Par Nicolas Houguet - publié le 06 novembre 2007 à 08h02 ,
MAJ le 25 septembre 2009 à 11h11 - 0 commentaire(s)
La générosité de Charlize Theron nous laisse approcher de très près cette femme tourmentée, cette exclue, qui court sans cesse après son salut et ne fait que s'enfoncer sans cesse. L'engagement de l'actrice est absolu. A aucun moment on ne la discerne, on l'oublie. On ne voit plus qu'Aileen, personnage aux antipodes de Charlize Theron, dans une très grande performance comme il en est encore trop peu souvent proposée aux comédiennes. L'intensité de son interprétation a une portée presque traumatisante et la mise en scène sans aucun lissage hollywoodien donnent le sentiment d'avoir véritablement accompagné sa descente aux enfers, d'avoir compris, de s'être attaché à cette femme que rien ne pouvait sauver de son sort. Voilà un rôle important, peut-être le rôle de la vie de Charlize Theron, car il change beaucoup de perspectives, sur la condamnée elle-même et sur l'interprétation dépouillée et à vif de l'actrice. Jamais on aurait pensé qu'elle irait si loin, plongée au coeur de cette intimité étrange, exprimant une partie de son mystère. Le résultat est impressionnant d'authenticité.

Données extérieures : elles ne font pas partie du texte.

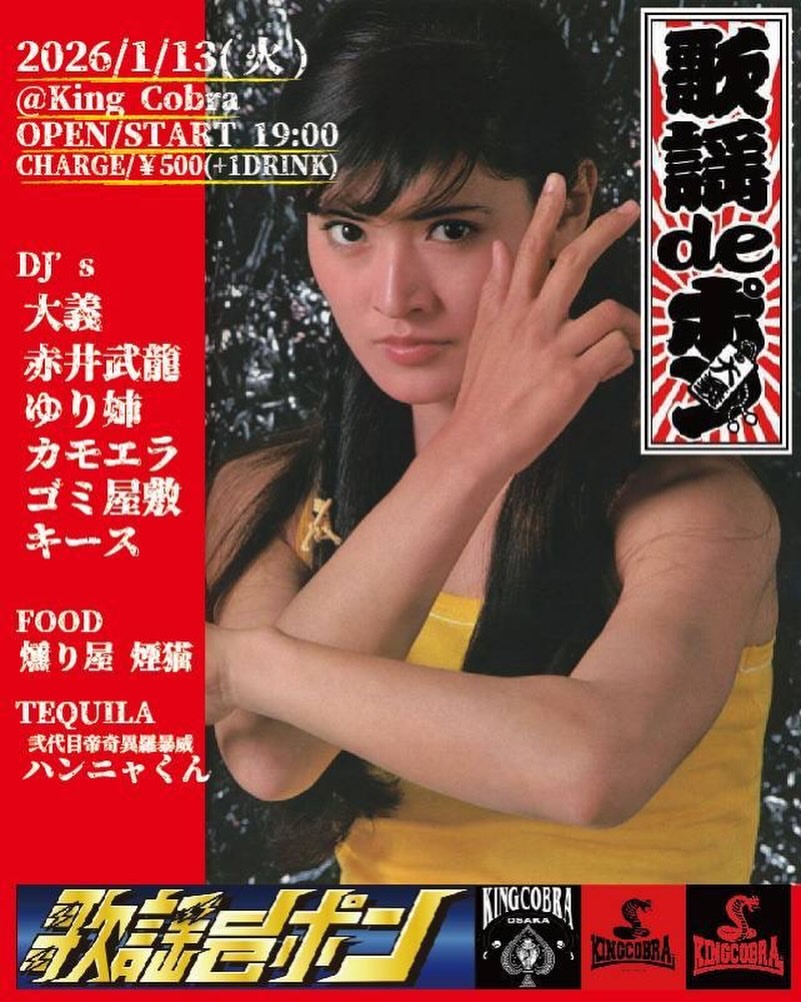 歌謡deポン!! Jan 13, 2026 アメリカ村KING COBRA Source 1月13日(火) 歌謡deポン!! @KINGCOBRA CHARGE ¥500 OPEN/START 19:00 DJ: ■大義 ■赤井武龍 ■ゆり姉 ■カモエラ ■ゴミ屋敷 ■キース FOOD: ■燻り屋 煙猫 TEQUILA: ■弐代目帝奇異羅暴威 ハンニャくん
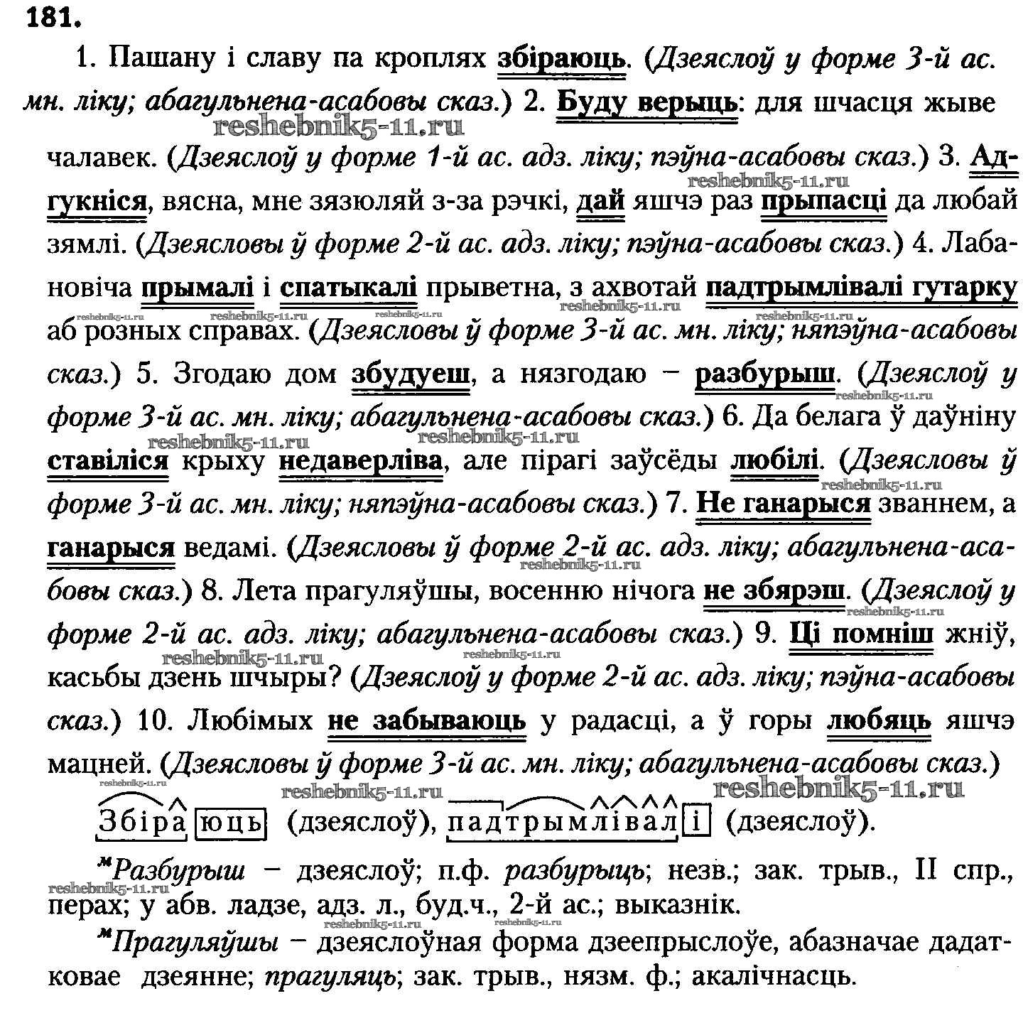 Готовая домашняя работа с ответами по Белорусскому языку за 8 класс Бадзевіч, Саматыя Учебник Национальный институт образования 2015 ФГОС - Упражнения 181
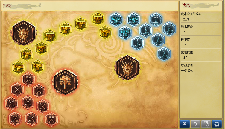 在攻击方面,双人剑可以造成大量团战输出。由于扎克不需要法术强度,所以点出攻击力增加清野效率,死亡游戏打野必点,法力编织平A配合技能释放造成更大技能伤害,点出双穿弥补不出攻击装的短板。
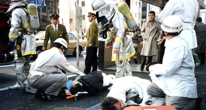 Aftermath of the sarin gas attack on the Tokyo underground, March 1995
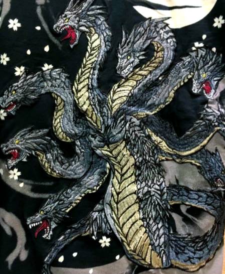 八岐大蛇的形象承载着日本先民对自然力量的敬畏与解读。其八头八尾的巨型躯体,与斐伊川的鳞状沙洲、蜿蜒河道形成呼应,暗示着洪水泛滥的破坏力;腹部溃烂流血的特征,则映射出铁砂混浊河水的制铁文化。这种将自然现象神格化的创作手法,使八岐大蛇成为连接神话与现实的桥梁。

Si la belle est allée se compromettre dans ce grand ratage que fut Aeon Flux, elle revenait avec l'affaire Josey Aimes dans le rôle d'une femme qui décide de braver le harcèlement sexuel dont elle est victime dans la mine où elle travaille, en portant l'affaire devant la justice. Consacrant une fois de plus de toute sa sensibilité à ce rôle, encore à contre emploi, l'actrice prouve que la force de son jeu ne vient pas forcément de la transformation spectaculaire qu'elle s'est imposée pour Monster mais de son implication totale, de l'émotion qu'elle dégage, qui va bien au delà de son physique. Elle se concentre sur l'émotion, la psychologie, les motivations qui animent son personnage, refusant tout artifice et tout maquillage pour servir au mieux la conviction qu'elle porte et qu'elle incarne. Dans la peau de cette femme simple et battue par son mari, acculée par les circonstances, on oublie totalement l'icône glamour et on entre dans le quotidien implacable et dur d'une femme courageuse qui doit se battre constamment pour exister et conserver sa dignité. Le film a ses défauts (une fin très hollywoodienne) mais il est riche de ses personnages et de son casting qui offre de vrais moments de grâce (grâce à Sissy Spacek, Frances McDormand et Richard Jenkins).


Il y a de l'engagement dans la manière sobre dont Theron investit ses rôles, s'y plongeant corps et âme, avec une manière subtile de défendre ses convictions en les suggérant par la destinée d'un personnage. C'est encore le cas quand on évoque les vétérans négligés à leur retour d'Irak dans La Vallée d'Elah de Paul Haggis.